I am training a "faster_rcnn_inception_resnet_v2_atrous_coco" for custom object detection using tensorflow's api.
I set up a machine at azure with following configuration:
Intel cxeon CPU E5-2690 v3 @ 2.60GHz RAM 56GB windows10 64bit GPU tesla k80 total memory 11.18GB
When i run train.py I get the following speed per second:
INFO:tensorflow:global step 458: loss = 0.5601 (3.000 sec/step) I1009 19:30:13.254615 5916 tf_logging.py:115] global step 458: loss = 0.5601 (3.000 sec/step) INFO:tensorflow:global step 459: loss = 0.5724 (3.077 sec/step) I1009 19:30:16.331734 5916 tf_logging.py:115] global step 459: loss = 0.5724 (3.077 sec/step) INFO:tensorflow:global step 460: loss = 0.8615 (3.018 sec/step) I1009 19:30:19.350132 5916 tf_logging.py:115] global step 460: loss = 0.8615 (3.018 sec/step) INFO:tensorflow:global step 461: loss = 0.6021 (3.062 sec/step) I1009 19:30:22.428256 5916 tf_logging.py:115] global step 461: loss = 0.6021 (3.062 sec/step)
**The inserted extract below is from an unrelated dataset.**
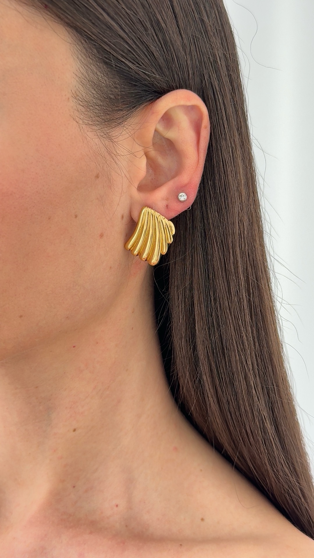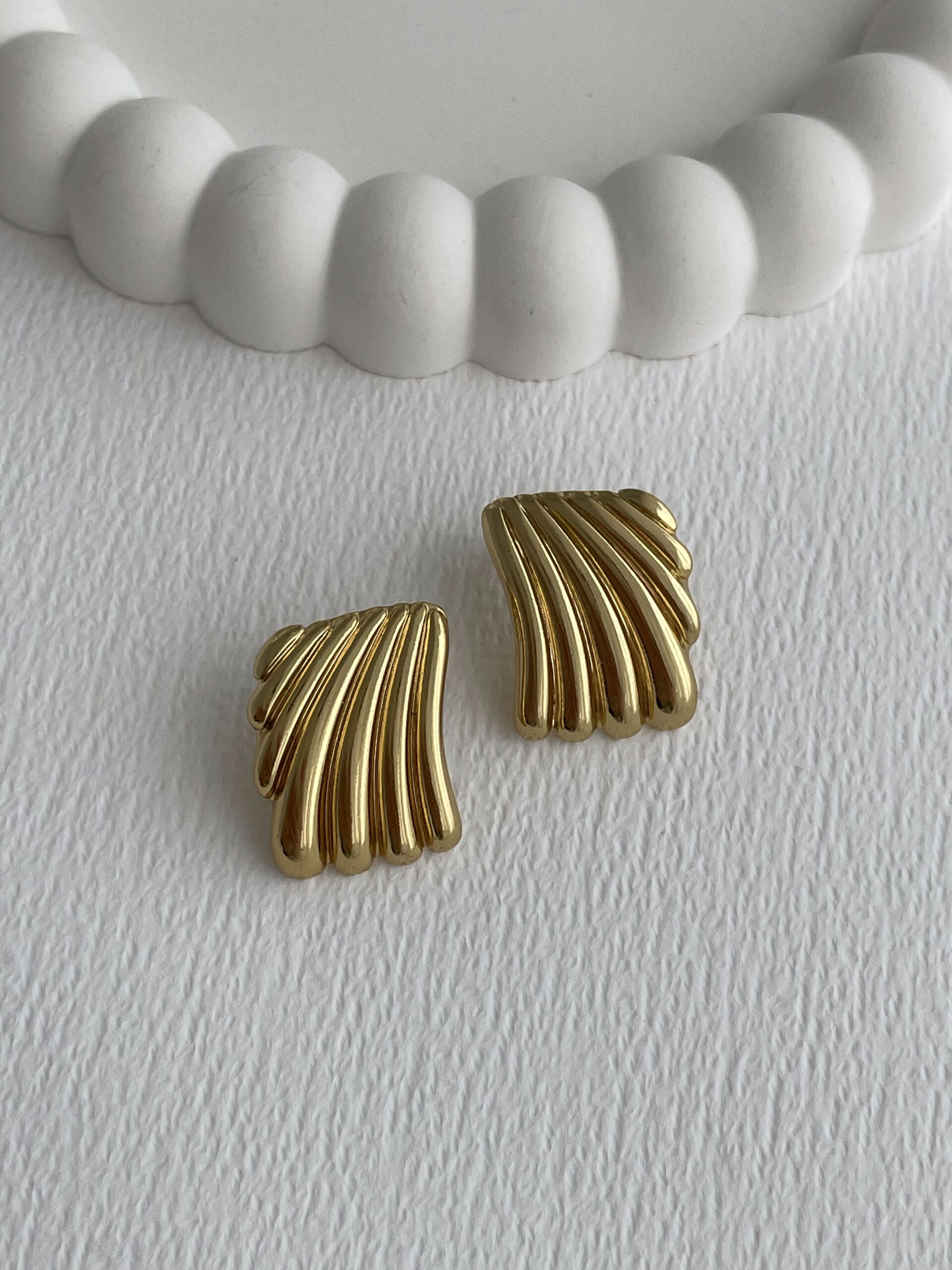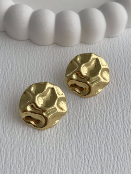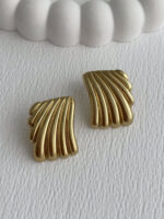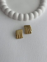 Çelik Tırtık Desen Geometrik Tasarım Gold Küpe

Is it fast enough or it should be faster as it is using a GPU? batchsize of the config file is 1. When I change it to 2 or higher it runs out of memory.
it takes 3 seconds per step in a dataset of 93 images. Ok... but after training, when I load the frozen graph and try to predict it over all images, it takes 1 second per image.. with the GPU... seems too slow.. what I am doing wrong?